Major thumbs, toes, noses, and some other body parts that remain nameless under conditions of anonymity up. “The French say that revenge is a dish best served cold… and it is very cold… in the seaaaa.”

Sue’s rating: Smellivision hasn’t been invented yet. Praise be!

Sue’s review: Ah for the days without OSHA, child labor laws, radar, sonar, GPS or HMOs. When a man could leaf through Gray’s Anatomy, have a stiff drink, and call himself a doctor. When pre-adolescent boys had sextants and shoulder boards instead of PlayStation or skateboards. When men were men, kids were men, weevils were part of a well balanced breakfast, iguana-y type lizards swam the Galapagos and albatrosses were a really really poor choice for skeet practice. (Didn’t those sailors ever hear of “The Rime of the Ancient Mariner”? Duh!)

Master and Commander: The Far Side of the World is everything an ocean-going yarn should be. It has violence, gore (but not too much gore), mizzenmasts, breeched hulls, rum rations and do-it-yourself surgery. Avast, Ahoy, Yo Ho Ho and Woohoo!

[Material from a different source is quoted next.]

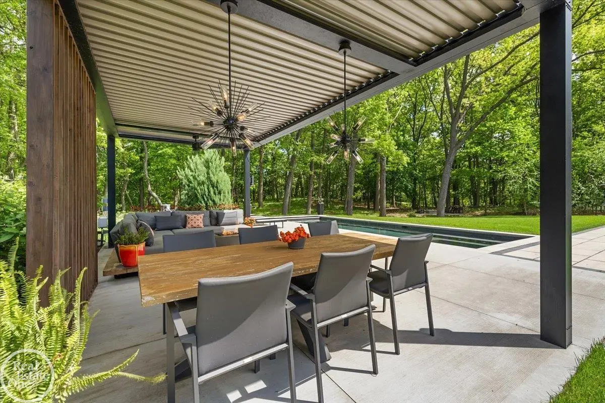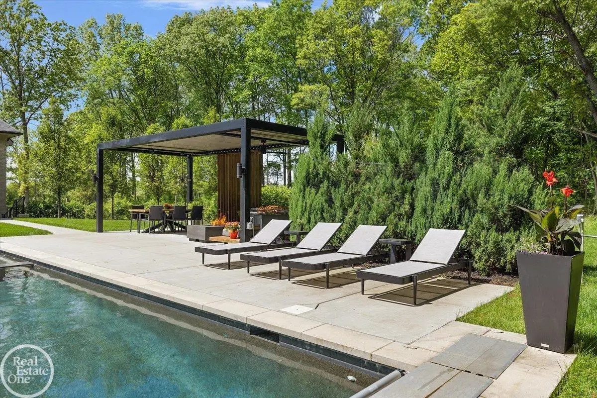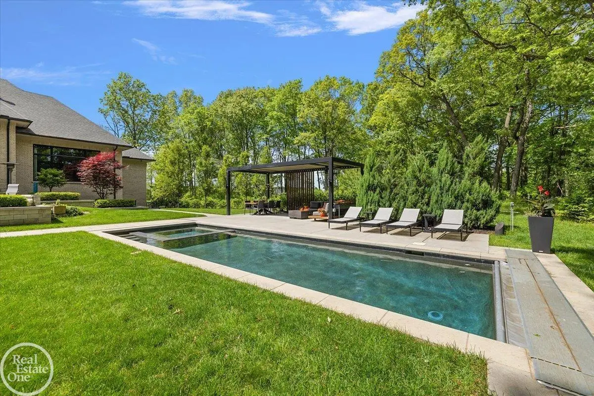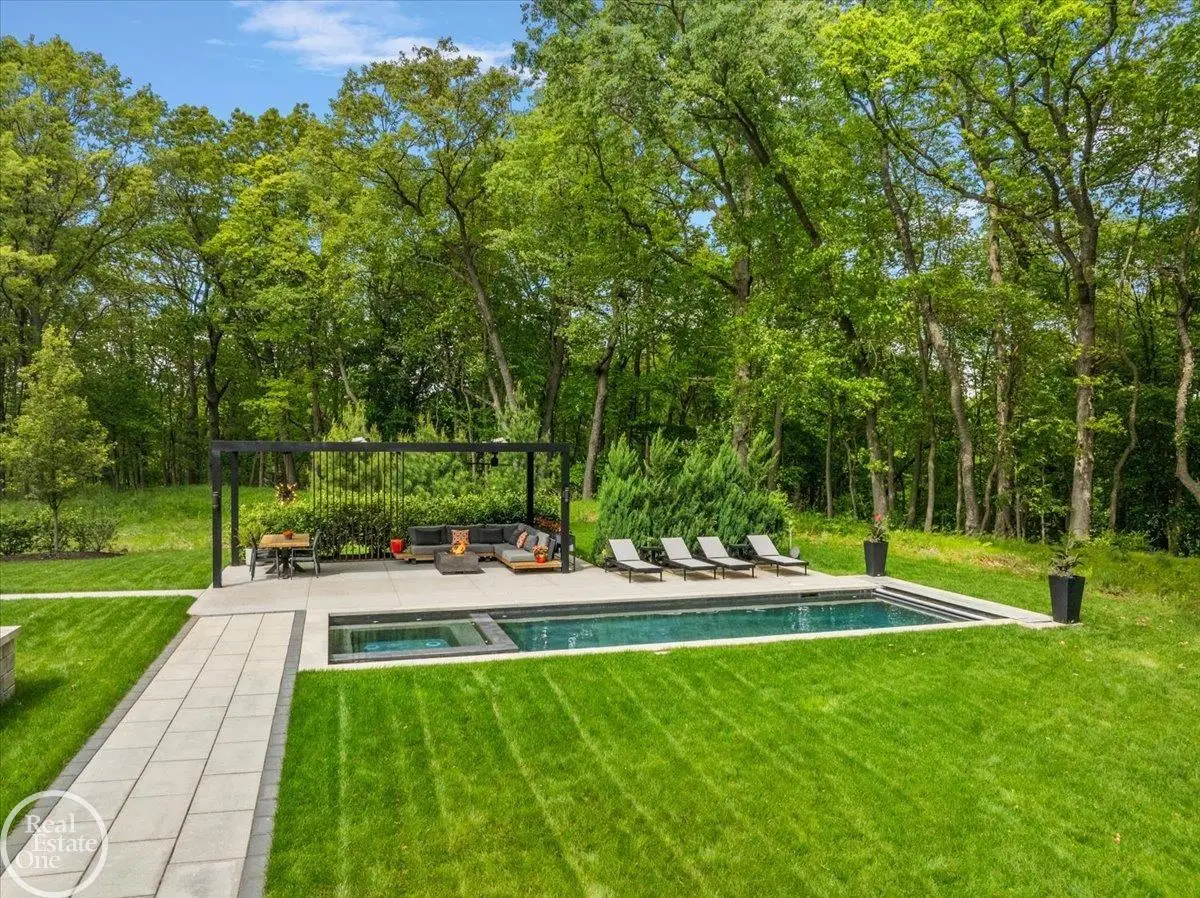 Experience unparalleled modern luxury in this custom-built 2021 Cranbrook masterpiece. Featured in Detroit Design Magazine, this home showcases exquisite interior design by Tutto Interiors, boasting the finest materials and craftsmanship throughout. Situated on 3 private wooded acres, this residence offers a serene escape with an urban edge. The open floor plan, highlighted by soaring 14-foot ceilings and expansive walls of windows, floods the home with natural light and breathtaking views. The gourmet kitchen, equipped with Thermador appliances, is an entertainer's dream. Relax in the stunning great room with its floating fireplace or unwind in the four-seasons glass room, featuring an industrial loft aesthetic and a natural fireplace. The primary suite offers a spa-like experience with a luxurious bath, steam shower, and dual walk-in closets, all overlooking the tranquil wooded landscape. The finished walk-out lower level leads to a 35x12 inground pool, complete with a custom pergola and firepit, perfect for outdoor gatherings.

But before I go… well, overboard, I want to impress upon you that this flick never made me want to haul out a cutlass and join in the fun. Just the thought of the projected body odor of 197 unwashed souls in a pre-deodorant era was more than enough to scuttle any romantic notion I might have harbored during the opening credits. Old Spice issues aside though, it really was an interesting glance into life on the sea, circa 1805 or thereabouts. Despite the prominent role of Russell “Take me out to the Academy Awards” Crowe, Master and Commander had somewhat less of a Hollywood taint than many an ocean-based tale. (Leo, get down from there. You look absolutely ridiculous.) Crowe’s not exactly my favorite actor or person, but the character of Captain Aubrey fit him like a glove. A glove with extra padding around the middle and reinforced seams, but still a glove. In fact, there was good casting all around, although I didn’t recognize most of the shipboard ensemble. (Not necessarily a bad thing at all!)

I have to give the design and special effects people extra credit too. The finished product looked enough like the real deal to make me want to pop a Dramamine and chug a bottle of Sunny Delight™ to ward off placebo-effect scurvy.

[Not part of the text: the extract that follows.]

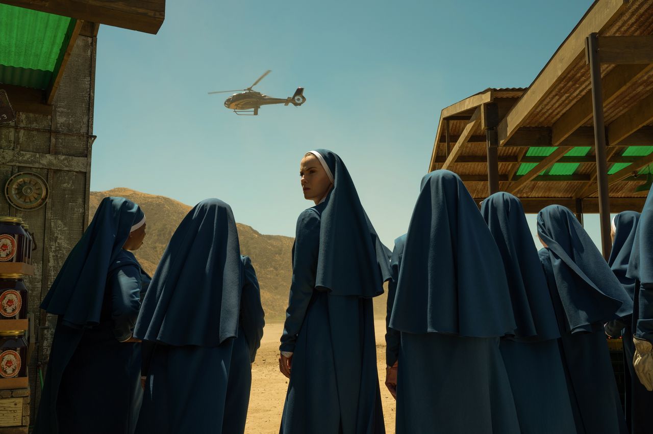 **埃爾南德斯:**修女感覺像是AI的天然對立面,但我不想讓它成為一種簡單的裝扮。我可以欣賞《音樂之聲》,但我更感興趣的是真正將瑪麗亞帶入修道院的原因。我們絞盡腦汁思考如何讓這種描繪更易引起共鳴。在與達蒙的通話中,我提出了一個關於信仰浪漫化版本的構想。當西蒙尼祈禱時,她發現自己在一家法拉費餐廳裏遇到了一個男人……
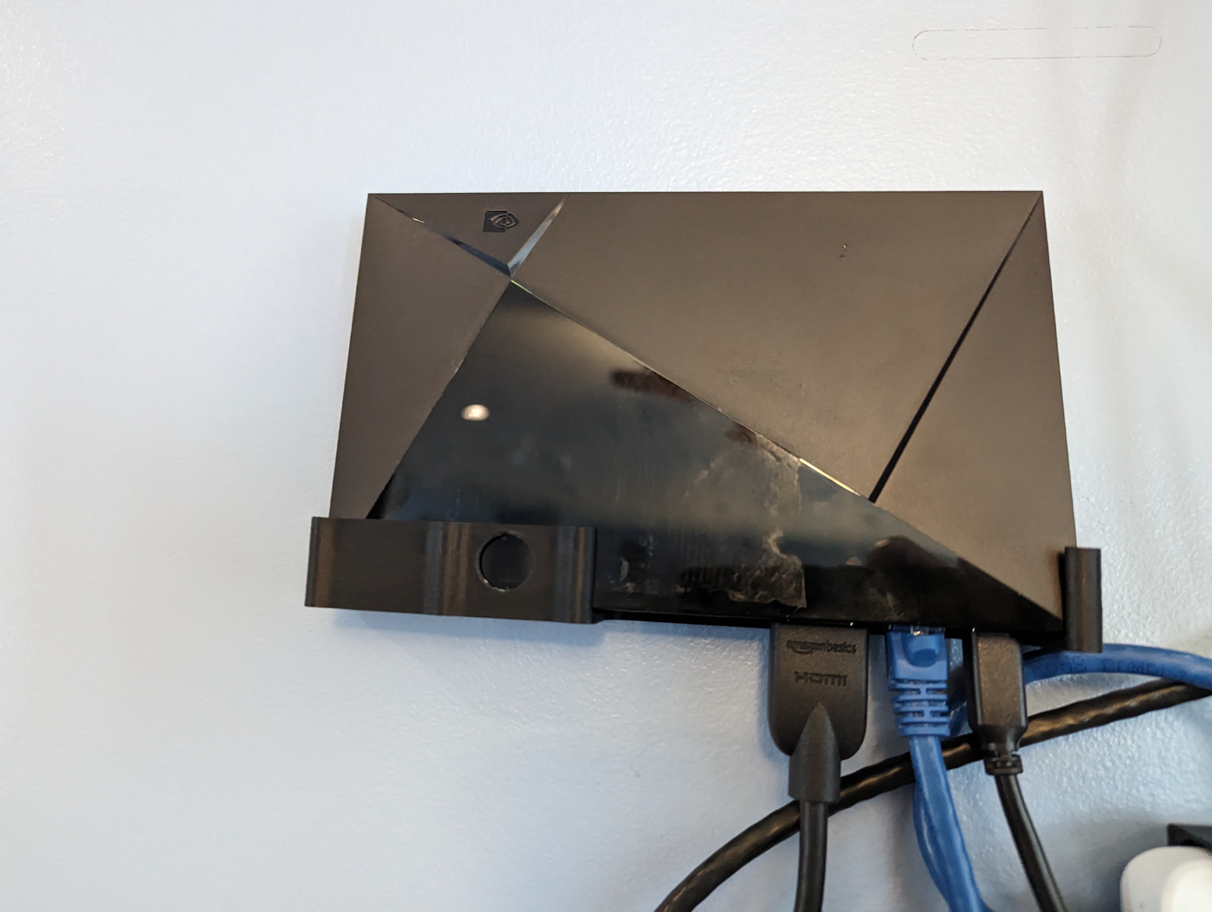 Mẫu đế treo tường tùy chỉnh cho NVIDIA Shield TV Pro, sử dụng ốc vít M4 thay vì băng dính 3M. Có thêm lỗ luồn tua vít và phần đế được làm dày hơn. Thích hợp cho người dùng muốn giải pháp gắn tường chắc chắn hơn cho thiết bị của mình.

Not that Hollywood didn’t rear up its ugly, unimaginative head, mind you. An enemy bigger, stronger and faster than you are? The amiable aw-shucks secondary character destined for a terrible fate just because the audience likes him? The iron-willed character, the sensitive character and the character with deep psychological issues? An insurmountable task that, hey guys, just might be surmountable after all? The soul stirring “Do it for God / Country / the kids / laboratory animals / the Gipper / (insert inspirational item here)” speech? All present and accounted for, SAH! But that’s fine and expected. I don’t want to pick on this movie too much when it did such a fine job of telling its story and demonstrating just how miserable and complicated things must have been back in the day. The whole rigging sails thing is beyond amazing to someone who can just barely figure out the mechanics of a latch hook rug with Tigger on it.

If I have any regrets, it’s that I didn’t take the time to catch this one on the big screen. I bet those ocean scenes were probably impressive as all heck. On the other hand, a movie theater is a really bad place to exhibit a predisposition to seasickness, so maybe it’s just as well.

Didja notice?

  • Open-brain surgery is a spectator sport
  • That knuckle-oriented salute had a certain gorilla-like quality to it.
  • If ropes are hemp, and they’re burning lots of ropes… uhm…
  • There’s nothing like kicking back and strumming on the ol’ cello.
  • Broad-leaf parasol. Very trendy and makes an environmental statement too!